BBC presenter slams FIFA ‘cop-out’ after England ditches LGBTQ+ World Cup armbands

Alternative Image

England and Wales’ decision not to wear pro-LGBTQ+ “OneLove” armbands at the Qatar World Cup after FIFA threat has been condemned by a BBC sports presenter.

Jack Murley, presenter of the BBC’s LGBT Sport Podcast, was appearing on BBC 5 Live when it was announced that England, Wales and other European nations will not wear the OneLove armbands in Qatar because of the decision by FIFA that it will impose sanctions if players wear the armbands on the field. 

FIFA’s decision and the move by the football associations has already sparked widespread condemnation.

“It feels like a bit of a gut punch to me to hear that a symbol of who you are being OK can get you booked at football’s greatest tournament,” Murley said. “That is an extraordinary place to arrive at in 2022.”

Fellow broadcaster Nicky Campbell said some would argue the pro-LGBTQ+ armbands breach the “rules about what [players] can and can’t wear on the pitch”. 

One of FIFA’s equipment regulations states that no item of playing kit or clothing “may be worn or used in any controlled area” if the global football body deems it “dangerous, offensive or indecent, includes political, religious, or personal slogans, statements, or images, or otherwise does not comply in full with the laws of the game.”

“It does, but it also – that’s a bit of a cop-out, isn’t it?” Murley said. “Because FIFA have come out with their own armbands, which they’re promoting actively that they worn at different times.”

Murley continued: “The armbands FIFA have proposed say ‘#NoDiscrimination’. 

“So we got a OneLove one with a rainbow that says we think there should be no discrimination, and FIFA says, ‘You’ll be booked for that, but you can wear ours that says #NoDiscrimination’.

“I think you have to look at what this is really all about, and the context is this is a World Cup being held in a place where the LGBTQ+ community is criminalised and executed.

“This was a small symbol to say, ‘That isn’t okay.
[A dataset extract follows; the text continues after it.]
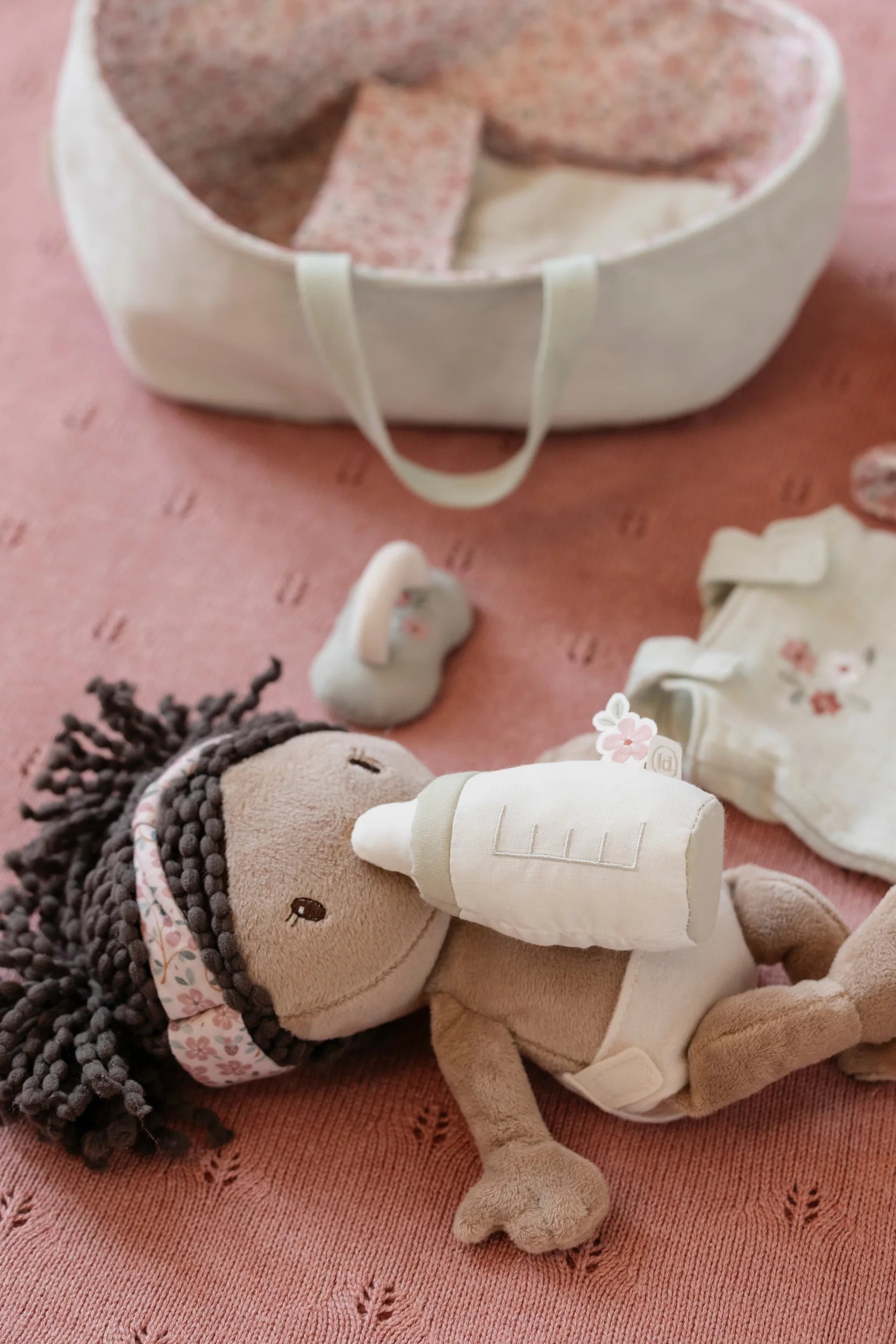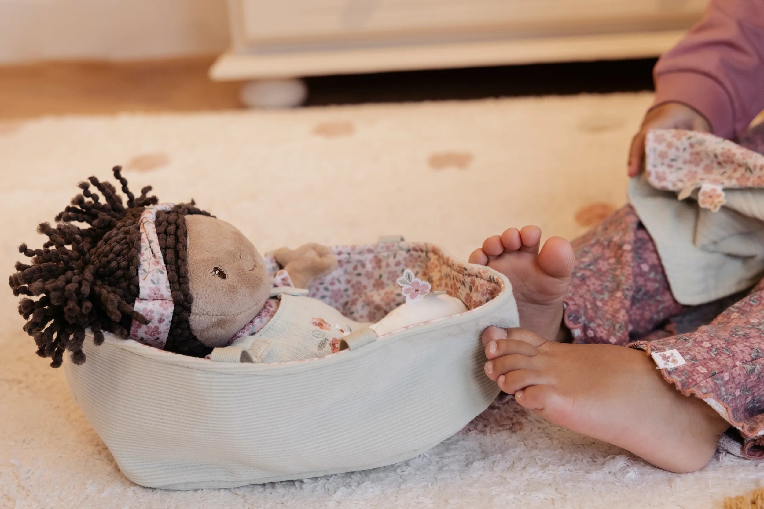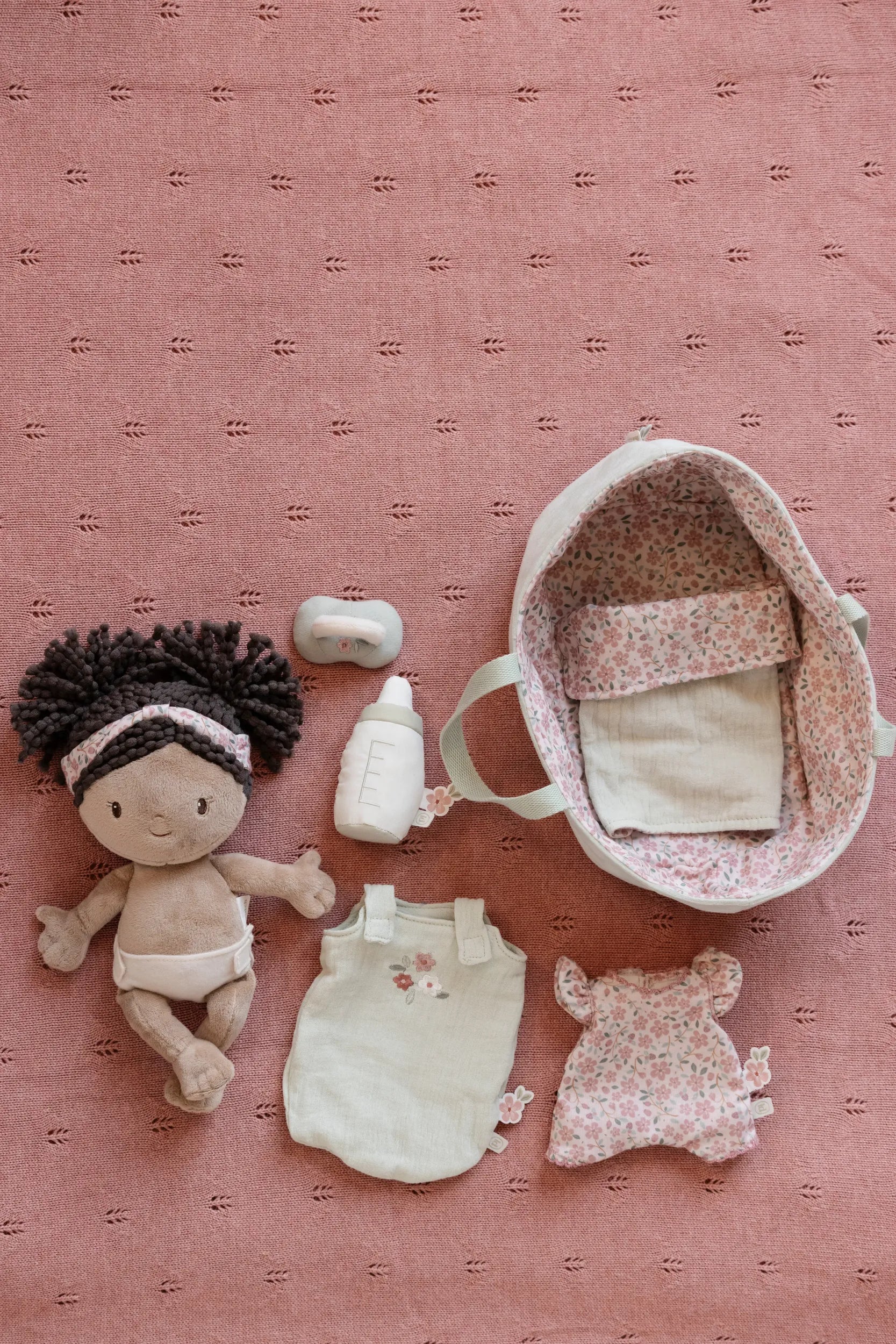 Introduce little ones to nurturing play with baby doll Evi, complete with her charming travel basket. This delightful companion arrives dressed in a cosy sleeping bag and removable romper, inviting endless dressing adventures. Magnetic pacifier and bottle attachments make feeding time seamless and mess-free. The ribbed fabric basket features a cheerful floral design, paired with a soft matching blanket—everything needed for imaginative cuddles and caregiving games that spark joy and creativity.

Being who you are and loving who you love is fine’. And that symbol is resulting in a booking. 

“I think that’s going to be very hard in 2022 for the LGBTQ+ community to get by.”

The Football Supporters’ Association, which represents fans in England and Wales, said it feels “betrayed”.

“To paraphrase FIFA president Gianni Infantino – today LGBT+ football supporters and their allies will feel angry,” it said.

“Today we feel betrayed. Today we feel contempt for an organisation that has shown its true values by giving the yellow card to players and the red card to tolerance.

“Never again should a World Cup be handed out solely on the basis of money and infrastructure. No country which falls short on LGBT+ rights, women’s rights, worker’s rights or any other universal human right should be given the honour of hosting a World Cup.

“Since 2010 we have been raising questions about the suitability of Qatar as a World Cup host. Everyone could see this coming and it’s astonishing that, on the morning of England’s World Cup opener, FIFA are trying to censor players for sharing a positive message.”

The football governing bodies of England, Wales, Belgium, Denmark, Germany, the Netherlands and Switzerland said in a joint statement that they had written to FIFA in September to inform them about the OneLove armband but had not yet received a response. 

English footballer Harry Kane wears a rainbow OneLove armband, which he promised to also wear at the World Cup in Qatar

English footballer Harry Kane promised to wear the OneLove campaign armband at the World Cup in Qatar and stand in solidarity with other football captains against discrimination. (Getty)

As a result, the football associations said they “can’t put out players in a position where they could face sporting sanctions” because of FIFA’s decision. So they asked the “captains not to attempt to wear the armbands in FIFA World Cup games”. 

Several captains, including England’s Harry Kane, planned to wear the rainbow-coloured armband during World Cup matches in Qatar – where LGBTQ+ identities are still criminalised. 

Murley admitted being “entirely unsurprised” yet “shocked” that the football associations wouldn’t stand by the pro-LGBTQ+ armband. 

The broadcaster added in a post on Twitter that the move by the football associations “proved a step too far”. 

“As a broadcaster, I have spent months trying to provide ‘balance’ in a conversation about a World Cup being held in a country that kills people like me, just for being me,” Murley wrote. 

British human rights campaigner Peter Tatchell said the OneLove armband was the “tiniest of gestures” in terms of solidarity with the LGBTQ+ community at the World Cup in Qatar. He added the armband itself “did not specifically mention LGBT+ people”.

“It was a weak campaign but even that was too much for FIFA, who have bullied the England team to not wear it,” Tatchell said.

The campaigner urged team captains from the European countries to “spend just 30 seconds to speak out for the rights of women, LGBTs and migrant workers” in their post-match press conferences. 

“That would have a huge impact, reaching a global audience of hundreds of millions of people,” Tatchell said. “FIFA have crushed the OneLove campaign with the threat of yellow cards. It’s time to show FIFA and Qatar the red card.”